▸ **WHAT YOU SHOULD DO**: In exact form, please repeat the records from their opening line down to the line with "Blue Striped Bottle Vase, 30.5cm", including that line.

------ RECORDS SHOWN ------

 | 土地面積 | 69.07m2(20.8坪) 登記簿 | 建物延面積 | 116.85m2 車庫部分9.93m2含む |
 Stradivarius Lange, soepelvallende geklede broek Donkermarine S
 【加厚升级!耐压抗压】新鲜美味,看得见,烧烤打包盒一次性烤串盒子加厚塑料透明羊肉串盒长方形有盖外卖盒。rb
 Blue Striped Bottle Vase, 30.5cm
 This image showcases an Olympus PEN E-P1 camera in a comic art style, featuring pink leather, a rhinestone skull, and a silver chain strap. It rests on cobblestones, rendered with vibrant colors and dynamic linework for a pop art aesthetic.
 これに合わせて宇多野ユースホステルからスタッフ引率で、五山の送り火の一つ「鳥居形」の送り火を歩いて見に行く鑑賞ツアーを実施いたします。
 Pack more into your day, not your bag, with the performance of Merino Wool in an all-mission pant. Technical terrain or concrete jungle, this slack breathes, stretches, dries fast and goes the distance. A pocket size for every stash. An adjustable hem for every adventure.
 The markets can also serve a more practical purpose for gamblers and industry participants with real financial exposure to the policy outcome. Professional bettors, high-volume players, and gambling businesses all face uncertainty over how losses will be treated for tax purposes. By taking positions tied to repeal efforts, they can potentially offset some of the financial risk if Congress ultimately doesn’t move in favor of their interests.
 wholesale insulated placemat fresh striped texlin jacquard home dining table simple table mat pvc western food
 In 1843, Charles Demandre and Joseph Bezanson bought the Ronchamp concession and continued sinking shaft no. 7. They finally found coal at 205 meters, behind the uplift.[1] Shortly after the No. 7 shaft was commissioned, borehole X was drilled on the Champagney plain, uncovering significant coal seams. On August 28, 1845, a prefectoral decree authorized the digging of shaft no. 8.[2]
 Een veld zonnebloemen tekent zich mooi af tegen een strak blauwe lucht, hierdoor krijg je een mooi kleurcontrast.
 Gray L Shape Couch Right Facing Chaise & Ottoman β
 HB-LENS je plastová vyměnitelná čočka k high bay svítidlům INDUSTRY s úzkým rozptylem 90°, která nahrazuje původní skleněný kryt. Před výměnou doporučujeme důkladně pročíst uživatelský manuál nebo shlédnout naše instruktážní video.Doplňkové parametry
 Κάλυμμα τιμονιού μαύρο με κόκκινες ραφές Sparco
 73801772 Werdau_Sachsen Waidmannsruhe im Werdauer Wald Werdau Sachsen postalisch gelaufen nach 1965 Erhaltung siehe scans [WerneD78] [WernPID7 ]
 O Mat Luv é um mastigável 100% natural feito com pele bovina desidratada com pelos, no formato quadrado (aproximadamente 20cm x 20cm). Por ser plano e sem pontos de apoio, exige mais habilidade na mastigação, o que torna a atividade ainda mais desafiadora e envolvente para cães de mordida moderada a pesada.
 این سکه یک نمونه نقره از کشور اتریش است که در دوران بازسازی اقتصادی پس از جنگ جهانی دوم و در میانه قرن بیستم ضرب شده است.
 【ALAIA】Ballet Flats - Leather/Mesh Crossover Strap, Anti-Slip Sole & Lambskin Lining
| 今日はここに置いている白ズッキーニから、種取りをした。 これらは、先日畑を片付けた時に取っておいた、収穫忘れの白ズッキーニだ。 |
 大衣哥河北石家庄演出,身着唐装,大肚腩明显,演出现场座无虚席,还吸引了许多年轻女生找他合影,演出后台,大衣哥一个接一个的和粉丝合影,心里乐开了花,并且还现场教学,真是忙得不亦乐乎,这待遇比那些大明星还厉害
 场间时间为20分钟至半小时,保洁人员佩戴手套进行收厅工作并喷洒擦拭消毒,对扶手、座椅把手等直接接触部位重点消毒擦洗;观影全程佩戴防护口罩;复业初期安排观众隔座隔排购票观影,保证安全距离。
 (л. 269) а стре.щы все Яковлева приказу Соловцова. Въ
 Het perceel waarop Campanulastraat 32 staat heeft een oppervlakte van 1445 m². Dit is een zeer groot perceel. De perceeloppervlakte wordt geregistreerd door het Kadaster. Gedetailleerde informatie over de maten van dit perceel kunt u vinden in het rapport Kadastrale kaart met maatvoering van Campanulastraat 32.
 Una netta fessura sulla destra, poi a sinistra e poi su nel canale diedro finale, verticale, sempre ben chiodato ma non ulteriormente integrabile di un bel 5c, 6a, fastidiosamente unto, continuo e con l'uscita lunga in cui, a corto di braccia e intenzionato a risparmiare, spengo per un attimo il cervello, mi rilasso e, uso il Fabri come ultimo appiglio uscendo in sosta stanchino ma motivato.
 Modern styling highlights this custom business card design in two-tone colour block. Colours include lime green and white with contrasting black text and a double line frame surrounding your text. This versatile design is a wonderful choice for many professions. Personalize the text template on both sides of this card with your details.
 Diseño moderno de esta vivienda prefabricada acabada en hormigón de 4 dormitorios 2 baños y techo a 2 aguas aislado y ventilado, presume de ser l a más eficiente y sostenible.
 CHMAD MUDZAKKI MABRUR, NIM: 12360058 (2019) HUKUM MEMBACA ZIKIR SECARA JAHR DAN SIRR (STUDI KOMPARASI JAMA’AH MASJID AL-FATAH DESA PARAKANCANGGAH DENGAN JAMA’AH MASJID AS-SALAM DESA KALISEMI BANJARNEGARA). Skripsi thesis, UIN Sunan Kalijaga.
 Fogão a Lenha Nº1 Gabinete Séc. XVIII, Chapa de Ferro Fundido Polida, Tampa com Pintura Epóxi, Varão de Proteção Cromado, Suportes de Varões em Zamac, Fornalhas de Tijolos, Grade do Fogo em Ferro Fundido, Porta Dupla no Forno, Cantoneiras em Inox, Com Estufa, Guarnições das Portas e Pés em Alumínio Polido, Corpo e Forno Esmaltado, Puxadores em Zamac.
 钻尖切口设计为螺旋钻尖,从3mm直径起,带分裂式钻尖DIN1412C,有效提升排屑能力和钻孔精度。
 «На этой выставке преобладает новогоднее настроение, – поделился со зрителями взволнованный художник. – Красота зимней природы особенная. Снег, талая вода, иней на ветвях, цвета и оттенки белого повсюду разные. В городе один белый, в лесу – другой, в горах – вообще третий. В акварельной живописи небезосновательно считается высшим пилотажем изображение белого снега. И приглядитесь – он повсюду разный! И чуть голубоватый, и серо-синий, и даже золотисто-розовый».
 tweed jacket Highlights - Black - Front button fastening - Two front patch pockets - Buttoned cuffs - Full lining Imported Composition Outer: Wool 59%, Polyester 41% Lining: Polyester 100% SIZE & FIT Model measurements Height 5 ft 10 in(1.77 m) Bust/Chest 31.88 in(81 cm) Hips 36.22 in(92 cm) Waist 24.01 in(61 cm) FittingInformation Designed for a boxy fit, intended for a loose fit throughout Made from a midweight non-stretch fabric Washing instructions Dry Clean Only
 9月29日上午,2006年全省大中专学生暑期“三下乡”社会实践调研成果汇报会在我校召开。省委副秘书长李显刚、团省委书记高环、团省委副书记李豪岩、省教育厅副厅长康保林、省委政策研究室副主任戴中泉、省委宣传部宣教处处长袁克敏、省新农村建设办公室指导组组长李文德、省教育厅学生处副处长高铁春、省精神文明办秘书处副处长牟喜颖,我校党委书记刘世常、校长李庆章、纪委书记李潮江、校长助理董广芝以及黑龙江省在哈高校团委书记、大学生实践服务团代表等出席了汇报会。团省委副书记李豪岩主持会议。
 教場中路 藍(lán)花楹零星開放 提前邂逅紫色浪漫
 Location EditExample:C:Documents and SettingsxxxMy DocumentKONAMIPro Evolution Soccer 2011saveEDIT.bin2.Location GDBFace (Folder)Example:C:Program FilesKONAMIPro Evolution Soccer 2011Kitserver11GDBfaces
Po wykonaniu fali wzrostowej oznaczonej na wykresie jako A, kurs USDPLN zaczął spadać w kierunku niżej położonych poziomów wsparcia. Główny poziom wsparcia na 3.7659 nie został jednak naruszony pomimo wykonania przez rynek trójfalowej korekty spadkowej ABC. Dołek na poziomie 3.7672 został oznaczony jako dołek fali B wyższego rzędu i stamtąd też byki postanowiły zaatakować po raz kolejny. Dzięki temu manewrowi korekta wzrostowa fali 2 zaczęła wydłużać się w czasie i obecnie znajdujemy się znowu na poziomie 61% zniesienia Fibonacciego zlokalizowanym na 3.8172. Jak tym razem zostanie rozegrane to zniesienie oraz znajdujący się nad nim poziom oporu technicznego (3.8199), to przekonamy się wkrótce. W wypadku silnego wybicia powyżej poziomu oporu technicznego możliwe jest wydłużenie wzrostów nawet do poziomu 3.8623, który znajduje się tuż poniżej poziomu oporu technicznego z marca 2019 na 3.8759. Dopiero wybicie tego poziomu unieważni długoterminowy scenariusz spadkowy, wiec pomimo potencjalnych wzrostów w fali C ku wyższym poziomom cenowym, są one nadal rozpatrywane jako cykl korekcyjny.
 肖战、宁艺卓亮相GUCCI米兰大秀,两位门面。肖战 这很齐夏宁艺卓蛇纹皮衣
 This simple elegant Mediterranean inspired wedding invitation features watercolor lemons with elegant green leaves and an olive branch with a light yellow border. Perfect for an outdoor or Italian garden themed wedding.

------

▸ **TASK OUTPUT**:
 | 土地面積 | 69.07m2(20.8坪) 登記簿 | 建物延面積 | 116.85m2 車庫部分9.93m2含む |
 Stradivarius Lange, soepelvallende geklede broek Donkermarine S
 【加厚升级!耐压抗压】新鲜美味,看得见,烧烤打包盒一次性烤串盒子加厚塑料透明羊肉串盒长方形有盖外卖盒。rb
 Blue Striped Bottle Vase, 30.5cm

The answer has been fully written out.